Soon-to-be UND grad and Ted Bibby rides bike year round as a way to keep in shape, brighten mood

This guy took the concept of "study abroad" to a whole new level. Actually, two levels: the Himalayas, for starters, and Antarctica for an encore.

Theodore "Ted" Bibby, a native of Jacksonville, Fla., graduates from the University of North Dakota this week with a Ph.D. in geology and geological engineering, with proven expertise in the use of cosmogenic isotopes to date rock and ice samples hundreds of thousands of years old.

And how does he take "time out" from his frigid-zone scientific adventures? He bicycles ? all year round ? something that might not be out of the ordinary in balmy Jacksonville, but, during a North Dakota winter, it's a bit of a challenge.

Bibby, whose advisor is geomorphologist Jaakko Putkonen, says it's been quite a ride here at UND, where he constructed, as part of his Ph.D. program, a cosmogenic isotope laboratory in the Harold Hamm School of Geology & Geological Engineering. It's the only such lab in the region.

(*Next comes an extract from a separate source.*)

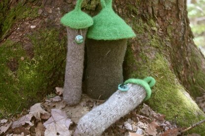 Fairy House in the Woods is a felted bag with zip and button closure options and two sizes- perfect for markers, pencils, double pointed needles or special treasures.
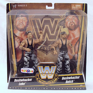 The Bushwhackers include the standard WWE display base and "Legends" name tags, just in case you forget who they are. The name tags are still flimsy cardboard which will crease easily if you do not handle them with care. It can be tricky placing them in the display stand's slot as it's slightly curved. If you bend it too much, then you'll have a nasty crease in the tag, making it look like sh!t on your shelf. I'd prefer a larger base with a sticker unique to each Superstar/Team as opposed to the separate cardboard name tag. That would eliminate the fear of ruining the tag.

Bibby has accompanied Putkonen on several teaching and research trips into the Himalayas during the course of his Ph.D. studies here at UND.

The rock-probing lab that Bibby built detects specific isotopes, or variant forms of certain atoms that "live" in rock samples, such as those that Putkonen and Bibby and their team of students brought back from Antarctica last year. It's all part of an interest that Bibby developed in Earth science classes in high school. He majored in geology for his undergraduate degree.

"We prepare the isotopes samples, and send them to a much bigger lab to be dated ? that tells us how old the rocks and the formations that we obtained them from are," said Bibby. This technology also is useful for dating glaciers, which may tell us more about how fast they move.

That's pretty slow compared to Bibby's other passion, cycling.

"I ride my bicycle all year around," said Bibby, who plans to move on to a post-doctoral research fellowship in his field. "There's a physical benefit, absolutely, but in addition, my mood is always better when I'm riding."